[Opening Records provided section]

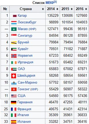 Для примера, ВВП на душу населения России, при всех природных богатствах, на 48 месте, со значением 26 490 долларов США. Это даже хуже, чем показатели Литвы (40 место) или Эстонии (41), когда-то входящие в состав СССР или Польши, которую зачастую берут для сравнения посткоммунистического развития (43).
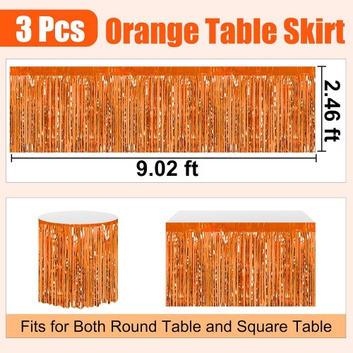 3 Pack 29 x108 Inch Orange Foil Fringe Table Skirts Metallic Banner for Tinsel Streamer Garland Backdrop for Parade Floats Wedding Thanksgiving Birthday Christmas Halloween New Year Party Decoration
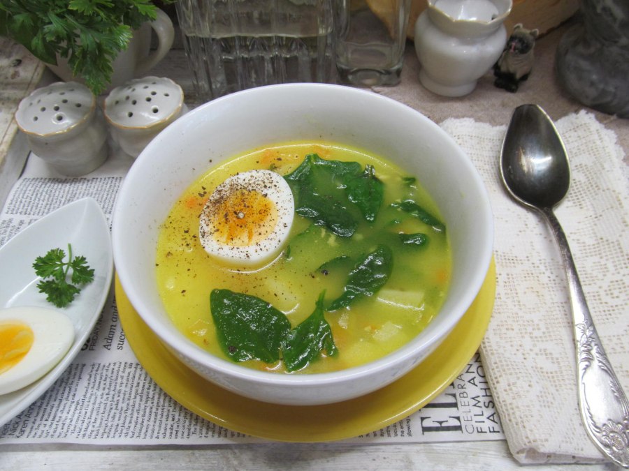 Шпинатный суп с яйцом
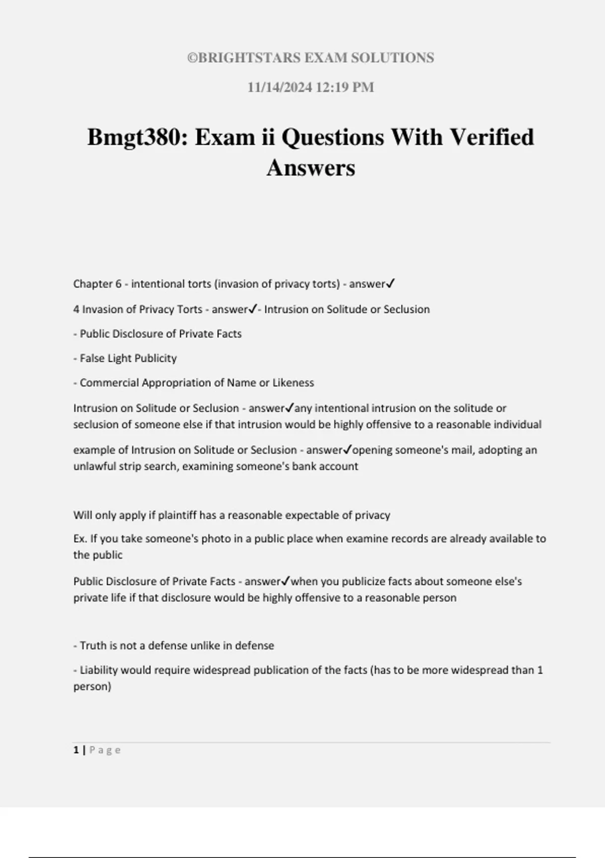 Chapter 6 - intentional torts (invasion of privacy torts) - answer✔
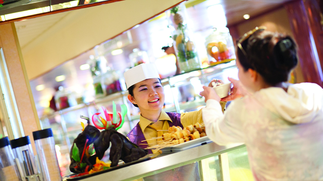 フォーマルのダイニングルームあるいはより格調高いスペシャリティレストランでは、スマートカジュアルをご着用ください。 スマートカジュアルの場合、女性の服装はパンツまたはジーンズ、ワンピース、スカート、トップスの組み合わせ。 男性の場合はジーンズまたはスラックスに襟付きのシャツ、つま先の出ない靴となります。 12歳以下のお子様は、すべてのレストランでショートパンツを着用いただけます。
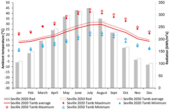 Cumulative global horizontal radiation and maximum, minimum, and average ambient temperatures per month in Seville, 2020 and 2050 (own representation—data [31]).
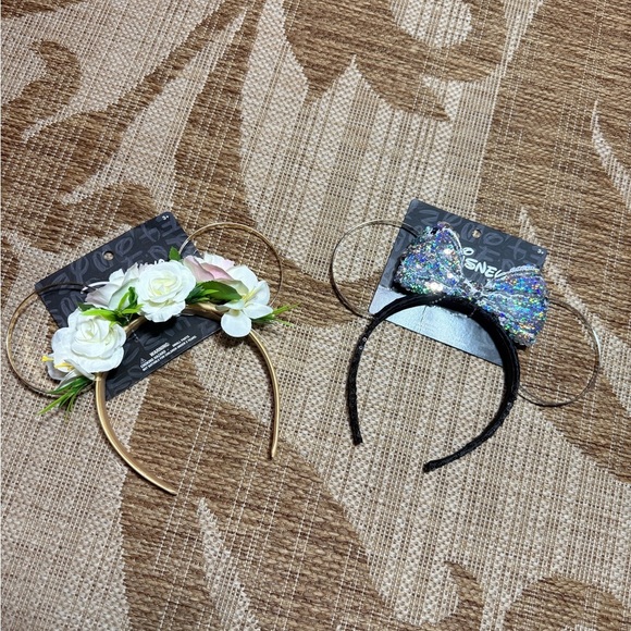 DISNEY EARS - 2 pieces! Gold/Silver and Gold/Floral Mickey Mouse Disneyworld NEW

[Closing Records provided section]
[Opening Records provided section]

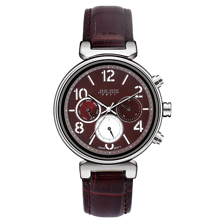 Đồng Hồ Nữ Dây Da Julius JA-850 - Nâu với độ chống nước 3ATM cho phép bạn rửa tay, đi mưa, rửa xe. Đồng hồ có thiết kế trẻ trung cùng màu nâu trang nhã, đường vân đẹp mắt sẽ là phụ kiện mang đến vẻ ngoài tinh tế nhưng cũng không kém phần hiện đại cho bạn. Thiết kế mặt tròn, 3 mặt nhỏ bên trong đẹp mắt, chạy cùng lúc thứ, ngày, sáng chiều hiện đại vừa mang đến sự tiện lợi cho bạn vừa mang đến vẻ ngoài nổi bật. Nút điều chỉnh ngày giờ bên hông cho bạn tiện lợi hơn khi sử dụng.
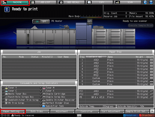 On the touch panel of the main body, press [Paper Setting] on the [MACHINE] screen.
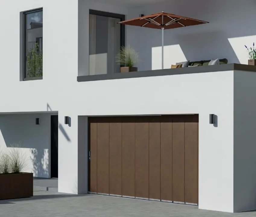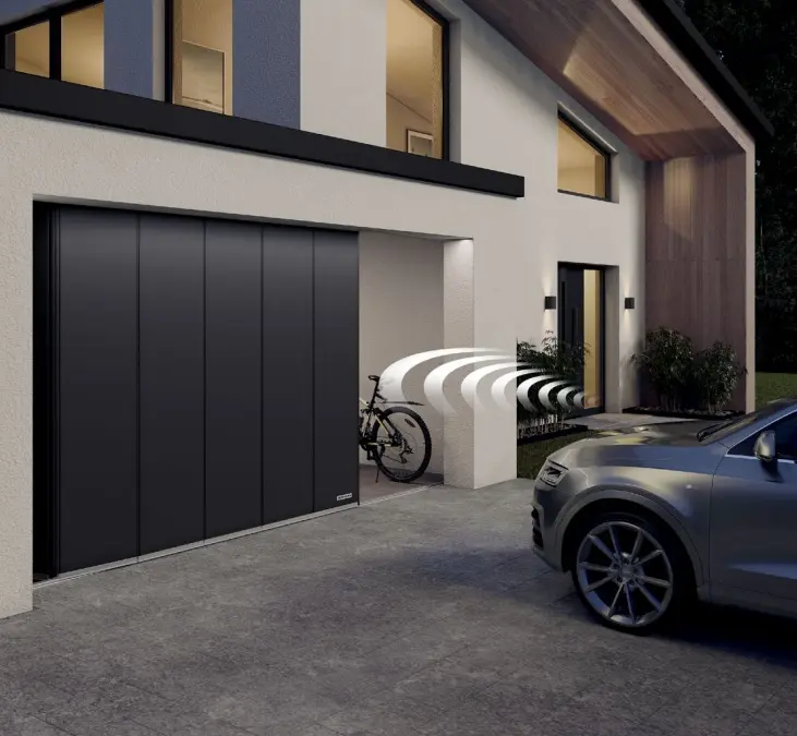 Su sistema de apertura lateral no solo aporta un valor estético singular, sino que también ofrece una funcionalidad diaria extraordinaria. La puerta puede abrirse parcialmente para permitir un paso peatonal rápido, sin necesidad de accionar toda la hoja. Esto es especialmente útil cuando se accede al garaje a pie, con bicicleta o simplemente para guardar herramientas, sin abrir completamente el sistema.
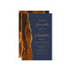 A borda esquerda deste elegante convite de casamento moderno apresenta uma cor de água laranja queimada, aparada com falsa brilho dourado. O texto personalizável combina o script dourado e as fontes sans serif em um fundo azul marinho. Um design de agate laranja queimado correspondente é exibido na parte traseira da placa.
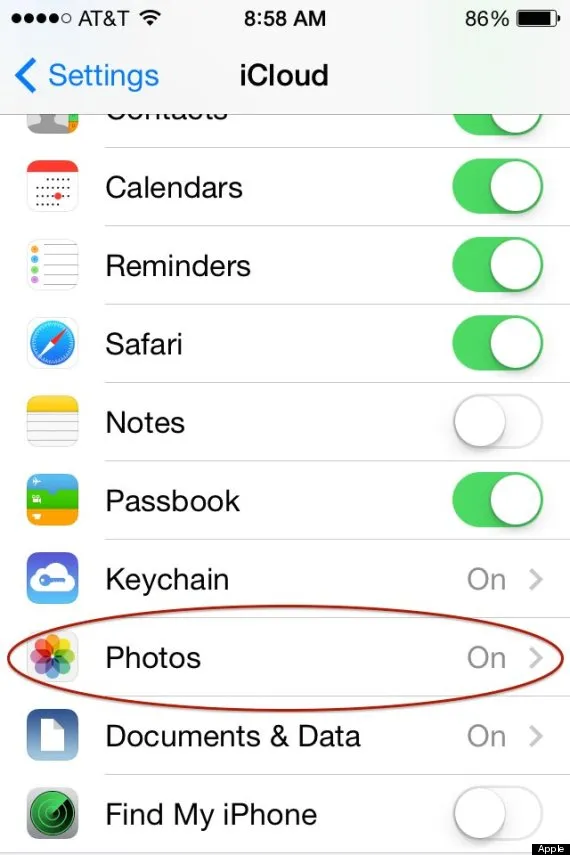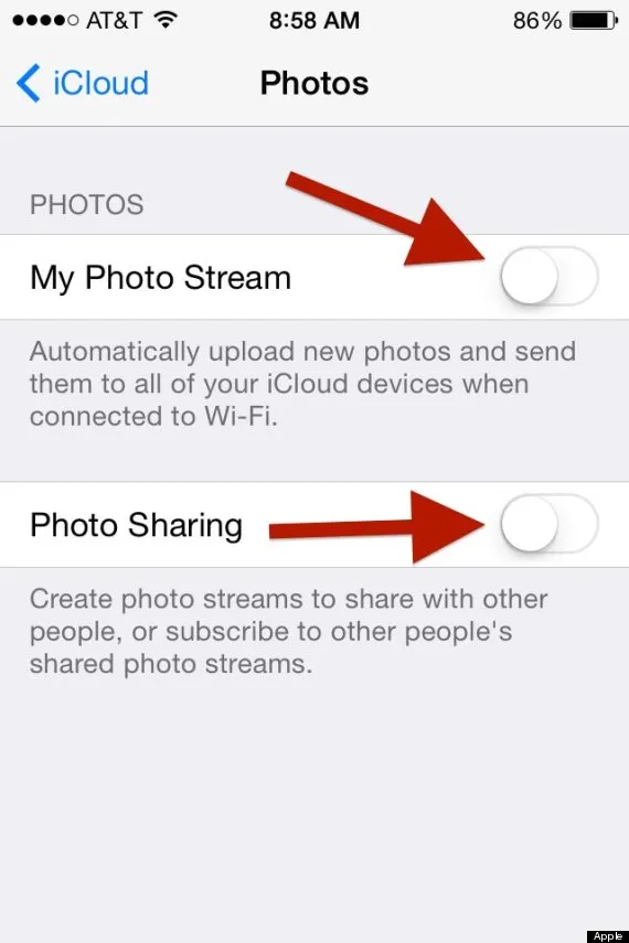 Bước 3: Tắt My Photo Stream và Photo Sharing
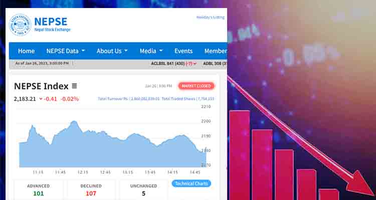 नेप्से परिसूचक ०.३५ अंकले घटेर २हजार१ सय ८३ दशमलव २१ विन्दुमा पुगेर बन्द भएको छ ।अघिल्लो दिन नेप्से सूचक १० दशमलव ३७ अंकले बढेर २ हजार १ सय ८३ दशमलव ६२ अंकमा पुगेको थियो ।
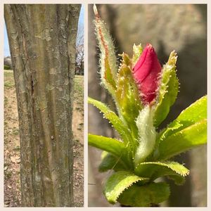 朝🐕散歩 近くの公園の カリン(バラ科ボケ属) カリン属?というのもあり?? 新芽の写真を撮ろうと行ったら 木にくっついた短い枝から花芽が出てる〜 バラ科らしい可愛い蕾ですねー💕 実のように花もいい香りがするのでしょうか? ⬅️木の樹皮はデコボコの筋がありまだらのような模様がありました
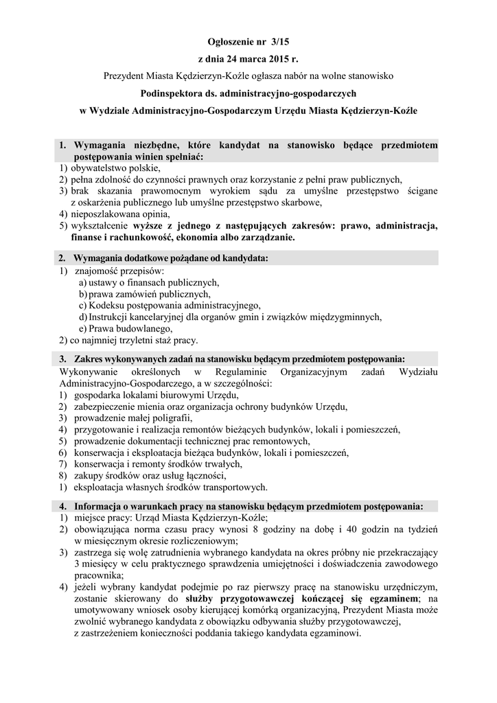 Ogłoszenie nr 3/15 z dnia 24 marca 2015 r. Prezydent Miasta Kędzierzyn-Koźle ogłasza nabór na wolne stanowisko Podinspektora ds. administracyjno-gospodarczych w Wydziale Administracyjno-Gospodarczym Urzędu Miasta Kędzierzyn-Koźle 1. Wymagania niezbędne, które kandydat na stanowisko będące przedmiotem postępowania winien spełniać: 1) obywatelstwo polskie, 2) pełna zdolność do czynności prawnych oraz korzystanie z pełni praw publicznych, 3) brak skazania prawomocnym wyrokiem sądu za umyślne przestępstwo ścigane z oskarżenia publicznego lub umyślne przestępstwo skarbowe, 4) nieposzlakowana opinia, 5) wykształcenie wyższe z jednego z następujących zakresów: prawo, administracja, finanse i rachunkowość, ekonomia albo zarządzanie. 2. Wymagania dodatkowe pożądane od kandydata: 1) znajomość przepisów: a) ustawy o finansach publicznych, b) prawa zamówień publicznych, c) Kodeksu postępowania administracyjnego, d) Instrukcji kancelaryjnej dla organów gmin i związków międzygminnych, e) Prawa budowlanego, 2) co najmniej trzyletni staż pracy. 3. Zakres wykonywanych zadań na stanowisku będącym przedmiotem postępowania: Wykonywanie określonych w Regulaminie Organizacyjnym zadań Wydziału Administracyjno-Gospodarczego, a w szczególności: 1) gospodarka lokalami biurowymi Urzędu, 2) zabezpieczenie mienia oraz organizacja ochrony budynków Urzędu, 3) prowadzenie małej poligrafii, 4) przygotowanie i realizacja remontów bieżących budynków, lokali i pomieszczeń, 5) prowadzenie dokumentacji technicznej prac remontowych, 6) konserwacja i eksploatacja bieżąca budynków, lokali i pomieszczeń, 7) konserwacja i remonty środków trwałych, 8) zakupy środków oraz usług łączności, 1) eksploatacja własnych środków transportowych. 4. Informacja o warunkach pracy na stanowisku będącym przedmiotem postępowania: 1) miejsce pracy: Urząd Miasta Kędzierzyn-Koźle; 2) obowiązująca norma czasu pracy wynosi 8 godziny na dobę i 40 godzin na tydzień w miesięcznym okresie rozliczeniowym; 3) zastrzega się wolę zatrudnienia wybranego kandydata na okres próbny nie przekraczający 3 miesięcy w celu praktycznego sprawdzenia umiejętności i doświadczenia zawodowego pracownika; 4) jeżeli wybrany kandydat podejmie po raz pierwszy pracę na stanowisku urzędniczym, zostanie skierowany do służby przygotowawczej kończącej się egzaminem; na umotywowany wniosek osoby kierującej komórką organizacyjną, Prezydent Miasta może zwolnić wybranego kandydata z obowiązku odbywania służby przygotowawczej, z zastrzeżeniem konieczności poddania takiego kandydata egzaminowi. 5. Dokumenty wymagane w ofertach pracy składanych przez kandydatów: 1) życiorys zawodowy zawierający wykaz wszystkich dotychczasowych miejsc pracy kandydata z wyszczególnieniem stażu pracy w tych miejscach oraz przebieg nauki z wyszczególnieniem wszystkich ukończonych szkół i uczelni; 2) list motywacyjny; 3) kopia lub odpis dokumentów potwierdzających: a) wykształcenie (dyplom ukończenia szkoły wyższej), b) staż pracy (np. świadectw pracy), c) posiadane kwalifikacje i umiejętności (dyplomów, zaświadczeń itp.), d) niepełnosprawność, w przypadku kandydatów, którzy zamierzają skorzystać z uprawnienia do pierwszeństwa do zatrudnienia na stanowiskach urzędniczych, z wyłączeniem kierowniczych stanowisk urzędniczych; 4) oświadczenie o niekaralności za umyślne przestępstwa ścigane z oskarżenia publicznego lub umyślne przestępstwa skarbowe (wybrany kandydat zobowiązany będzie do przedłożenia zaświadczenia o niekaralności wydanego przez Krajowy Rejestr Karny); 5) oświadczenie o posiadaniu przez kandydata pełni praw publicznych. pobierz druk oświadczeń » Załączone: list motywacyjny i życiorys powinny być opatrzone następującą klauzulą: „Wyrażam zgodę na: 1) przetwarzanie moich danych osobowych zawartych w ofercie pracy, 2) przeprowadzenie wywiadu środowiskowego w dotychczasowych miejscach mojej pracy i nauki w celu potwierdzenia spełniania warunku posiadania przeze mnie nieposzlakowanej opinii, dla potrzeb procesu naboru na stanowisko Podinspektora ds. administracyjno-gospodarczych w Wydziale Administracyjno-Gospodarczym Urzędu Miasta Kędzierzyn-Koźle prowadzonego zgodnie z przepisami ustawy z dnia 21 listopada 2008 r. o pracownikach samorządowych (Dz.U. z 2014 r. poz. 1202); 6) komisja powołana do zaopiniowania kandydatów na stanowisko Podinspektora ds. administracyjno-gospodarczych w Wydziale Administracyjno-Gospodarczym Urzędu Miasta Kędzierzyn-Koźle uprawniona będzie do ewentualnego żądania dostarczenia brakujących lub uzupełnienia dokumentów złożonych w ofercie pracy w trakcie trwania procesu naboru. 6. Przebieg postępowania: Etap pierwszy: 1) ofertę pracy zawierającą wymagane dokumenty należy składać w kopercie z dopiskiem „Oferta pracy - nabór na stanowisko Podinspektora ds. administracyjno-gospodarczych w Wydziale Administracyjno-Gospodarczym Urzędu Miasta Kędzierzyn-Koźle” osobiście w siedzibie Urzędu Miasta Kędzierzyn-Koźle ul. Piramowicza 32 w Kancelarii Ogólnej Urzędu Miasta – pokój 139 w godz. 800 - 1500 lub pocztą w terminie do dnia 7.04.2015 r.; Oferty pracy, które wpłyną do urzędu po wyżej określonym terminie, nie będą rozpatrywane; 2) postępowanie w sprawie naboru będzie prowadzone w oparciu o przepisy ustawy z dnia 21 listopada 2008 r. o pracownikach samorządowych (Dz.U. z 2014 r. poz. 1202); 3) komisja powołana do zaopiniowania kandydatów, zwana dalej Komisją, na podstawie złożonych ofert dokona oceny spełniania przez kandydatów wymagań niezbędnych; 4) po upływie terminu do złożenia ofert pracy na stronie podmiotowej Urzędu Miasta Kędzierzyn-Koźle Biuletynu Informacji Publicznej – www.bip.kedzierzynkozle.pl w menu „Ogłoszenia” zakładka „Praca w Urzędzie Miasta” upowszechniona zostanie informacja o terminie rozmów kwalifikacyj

[Closing Records provided section]
[Opening Records provided section]

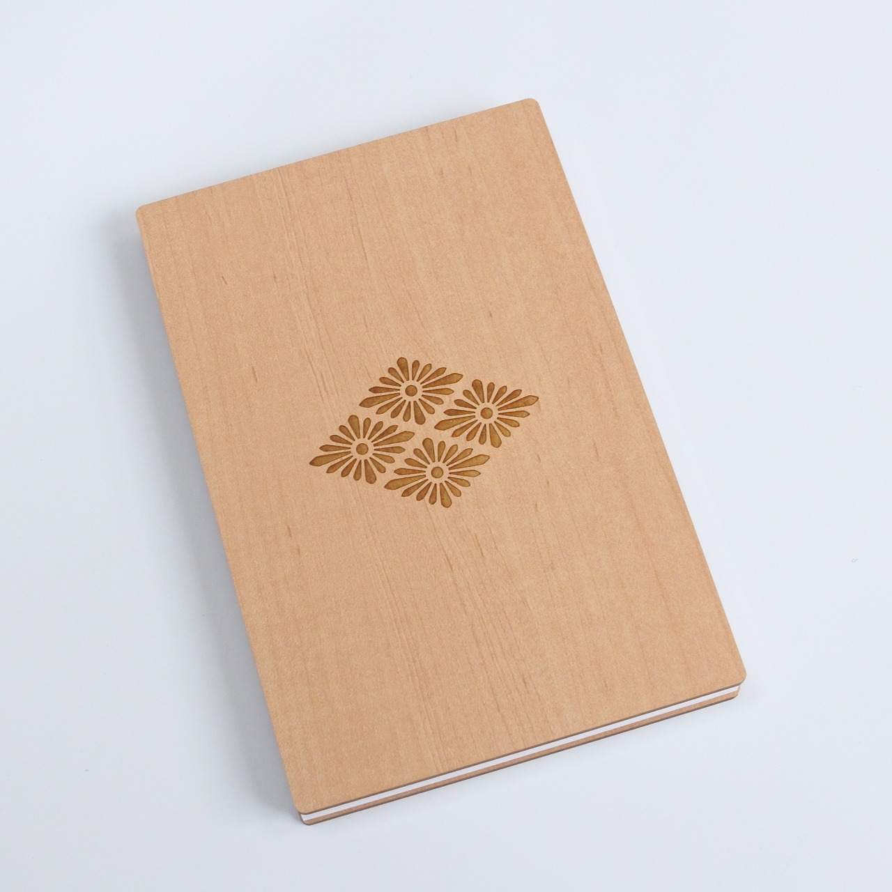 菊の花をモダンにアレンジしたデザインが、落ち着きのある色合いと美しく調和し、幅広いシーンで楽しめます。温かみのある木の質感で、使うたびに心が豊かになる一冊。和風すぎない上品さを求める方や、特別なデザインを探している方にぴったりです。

[Closing Records provided section]

Problem to work on
Repeat, word for word, the lines of the material above from the one holding "Su sistema de" through the one holding "A borda esquerda". Leave out pictures.

Response box
 Su sistema de apertura lateral no solo aporta un valor estético singular, sino que también ofrece una funcionalidad diaria extraordinaria. La puerta puede abrirse parcialmente para permitir un paso peatonal rápido, sin necesidad de accionar toda la hoja. Esto es especialmente útil cuando se accede al garaje a pie, con bicicleta o simplemente para guardar herramientas, sin abrir completamente el sistema.
 A borda esquerda deste elegante convite de casamento moderno apresenta uma cor de água laranja queimada, aparada com falsa brilho dourado. O texto personalizável combina o script dourado e as fontes sans serif em um fundo azul marinho. Um design de agate laranja queimado correspondente é exibido na parte traseira da placa.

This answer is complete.